▸ STUDY MATERIAL:
>>>>

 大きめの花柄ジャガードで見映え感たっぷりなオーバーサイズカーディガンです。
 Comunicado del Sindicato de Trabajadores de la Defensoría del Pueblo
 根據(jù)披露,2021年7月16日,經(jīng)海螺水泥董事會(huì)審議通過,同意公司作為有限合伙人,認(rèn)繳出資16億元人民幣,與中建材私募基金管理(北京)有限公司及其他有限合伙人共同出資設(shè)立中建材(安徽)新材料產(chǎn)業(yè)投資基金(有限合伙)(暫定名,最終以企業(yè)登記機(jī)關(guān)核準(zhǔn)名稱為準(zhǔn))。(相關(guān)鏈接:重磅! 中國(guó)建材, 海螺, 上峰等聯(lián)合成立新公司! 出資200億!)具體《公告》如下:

<<<<
>>>>

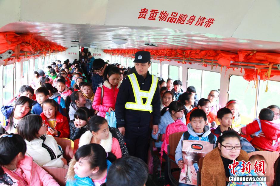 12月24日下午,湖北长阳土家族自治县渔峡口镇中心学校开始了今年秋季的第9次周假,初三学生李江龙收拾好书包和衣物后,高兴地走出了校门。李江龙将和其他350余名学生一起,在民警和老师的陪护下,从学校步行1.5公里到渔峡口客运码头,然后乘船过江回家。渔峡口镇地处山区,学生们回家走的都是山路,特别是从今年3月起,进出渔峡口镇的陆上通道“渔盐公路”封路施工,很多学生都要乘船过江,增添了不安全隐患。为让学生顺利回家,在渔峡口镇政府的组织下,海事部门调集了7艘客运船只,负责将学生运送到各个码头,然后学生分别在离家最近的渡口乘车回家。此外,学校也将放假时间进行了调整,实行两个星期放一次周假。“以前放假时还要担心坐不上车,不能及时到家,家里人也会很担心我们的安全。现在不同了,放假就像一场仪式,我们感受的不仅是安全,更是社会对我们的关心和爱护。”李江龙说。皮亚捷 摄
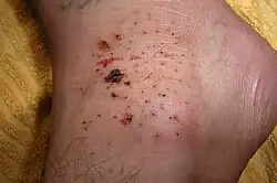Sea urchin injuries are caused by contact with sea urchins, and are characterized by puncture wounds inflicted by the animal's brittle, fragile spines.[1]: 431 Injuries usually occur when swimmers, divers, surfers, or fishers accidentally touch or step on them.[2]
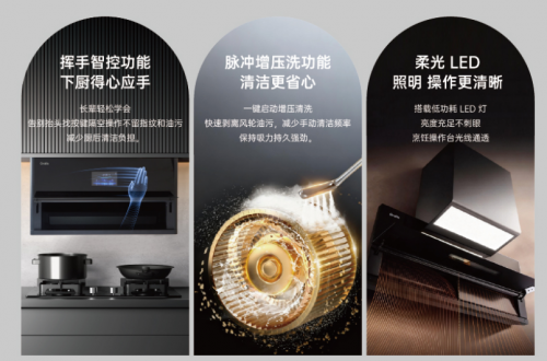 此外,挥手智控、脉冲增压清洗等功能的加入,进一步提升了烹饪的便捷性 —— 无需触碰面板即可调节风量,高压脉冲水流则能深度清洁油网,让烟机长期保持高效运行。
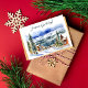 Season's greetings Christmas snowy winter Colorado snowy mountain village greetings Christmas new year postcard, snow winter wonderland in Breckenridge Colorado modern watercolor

<<<<
>>>>

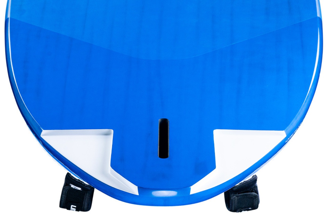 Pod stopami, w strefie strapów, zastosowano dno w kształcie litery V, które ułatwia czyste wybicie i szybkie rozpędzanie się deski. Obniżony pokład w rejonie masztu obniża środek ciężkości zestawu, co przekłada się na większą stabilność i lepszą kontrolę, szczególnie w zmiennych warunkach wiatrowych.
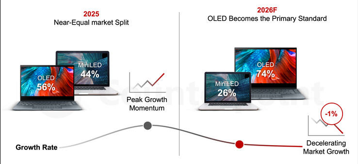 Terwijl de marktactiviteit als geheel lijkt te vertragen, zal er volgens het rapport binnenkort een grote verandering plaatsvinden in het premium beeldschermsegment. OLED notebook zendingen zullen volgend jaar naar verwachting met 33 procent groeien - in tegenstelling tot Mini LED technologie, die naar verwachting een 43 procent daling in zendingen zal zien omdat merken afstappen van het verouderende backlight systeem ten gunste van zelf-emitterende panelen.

<<<<

▸ AIM OF THE EXERCISE: Write out exactly the lines above from the line with "Comunicado del Sindicato" through the line with "中國(guó)建材, 海螺, 上峰等聯(lián)合成立新公司!", both of them included, and leave out all other lines.

▸ EXERCISE SOLUTION:
 Comunicado del Sindicato de Trabajadores de la Defensoría del Pueblo
 根據(jù)披露,2021年7月16日,經(jīng)海螺水泥董事會(huì)審議通過,同意公司作為有限合伙人,認(rèn)繳出資16億元人民幣,與中建材私募基金管理(北京)有限公司及其他有限合伙人共同出資設(shè)立中建材(安徽)新材料產(chǎn)業(yè)投資基金(有限合伙)(暫定名,最終以企業(yè)登記機(jī)關(guān)核準(zhǔn)名稱為準(zhǔn))。(相關(guān)鏈接:重磅! 中國(guó)建材, 海螺, 上峰等聯(lián)合成立新公司! 出資200億!)具體《公告》如下:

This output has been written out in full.